IN THE UNITED STATES COURT OF APPEALS
FOR THE FIFTH CIRCUIT
__________________
No. 00-20684
Summary Calendar
__________________
ALVIN CHARLES DUNCAN,
Petitioner-Appellant,
versus
GARY L. JOHNSON, DIRECTOR,
TEXAS DEPARTMENT OF CRIMINAL JUSTICE,
INSTITUTIONAL DIVISION,
Respondent-
Appellee.
------------------------------------------------------
Appeal from the United States District Court
for the Southern District of Texas
USDC No. H-99-CV-4511
-------------------------------------------------------
January 10, 2001
Before EMILIO M. GARZA, STEWART and PARKER, Circuit Judges:
PER CURIAM:*
Alvin Charles Duncan, Texas prisoner # 402303, seeks a certificate of appealability (COA)
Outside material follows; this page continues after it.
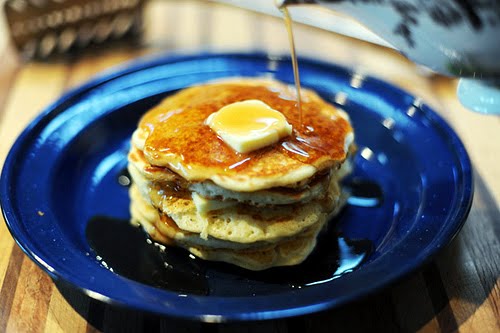 Cook on a greased skillet over medium-low heat until golden brown. Serve with an obscene amount of butter and warm syrup.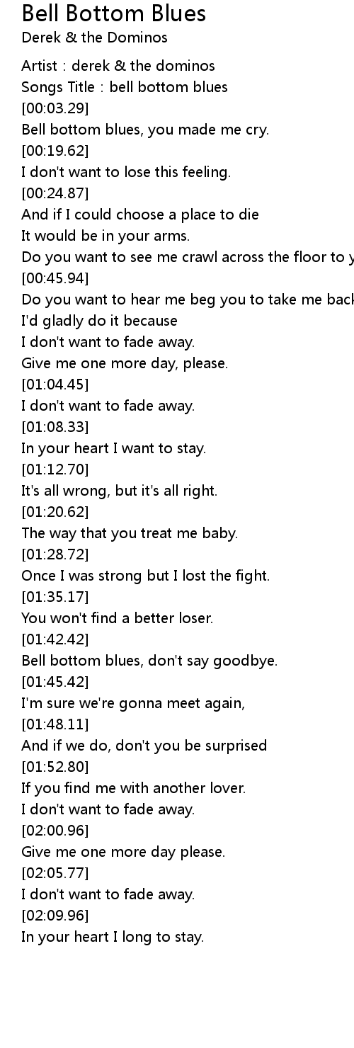 | [00:16.37] | Bell bottom blues, you made me cry. |

to appeal the district court’s dismissal of his 28 U.S.C. § 2254 petition as time-barred.
"This court must examine the basis of its jurisdiction, on its own motion, if necessary."
Mosley v. Cozby, 813 F.2d 659, 660 (5th Cir. 1987). Duncan filed “objections” to the district
court’s order and judgment, challenging that correctness of court’s dismissal his § 2254 petition.
If this document was filed within 10 days of the entry of judgment, then it must be construed as a
*
Pursuant to 5th Cir. Rule 47.5, the court has determined that this opinion should not be
published and is not precedent except under the limited circumstances set forth in 5th Cir. Rule
47.5.4.
Rule 59(e) motion. See Mangieri v. Clifton, 29 F.3d 1012, 1015 n.5 (5th Cir. 1994); Harcon Barge
Co. v. D & G Boat Rentals, Inc., 784 F.2d 665, 668-69 (5th Cir. 1986)(en banc).
The district court’s judgment was entered on Tuesday, July 18, 2000, and thus the last day
for filing a timely motion pursuant to Federal Rule of Civil Procedure 59(e) was Fri day, July 28,
2000. See FED. R. CIV. P. 6(a). Duncan’s objections were stamped as filed in the district court on
Monday, July 31, 2000. Because Duncan’s objections were filed in the district court only one
business day late, the document is presumed to have been delivered to prison officials within the ten
days for filing a Rule 59(e) motion. See United States v. Young, 966 F.2d 164, 165 (5th Cir. 1992).
The record does not reflect that the district court has ruled on Duncan’s Rule 59(e) motion.
As the Rule 59(e) motion has not yet been disposed of, notice of appeal is ineffective. See Burt v.
Ware, 14 F.3d 256, 260-61 (5th Cir. 1994). Accordingly, the case must be remanded, and the record
returned to the district court, for consideration of the outstanding motion as expeditiously as possible,
consistent with a just and fair disposition thereof. See id. at 261. Duncan’s COA motion and motion
to expedite the COA proceedings shall be held in abeyance until his notice of appeal is effective. We
instruct the clerk of this court to process the pending motions immediately upon the return of this
case from the district court.
LIMITED REMAND; HOLD MOTION FOR COA IN ABEYANCE.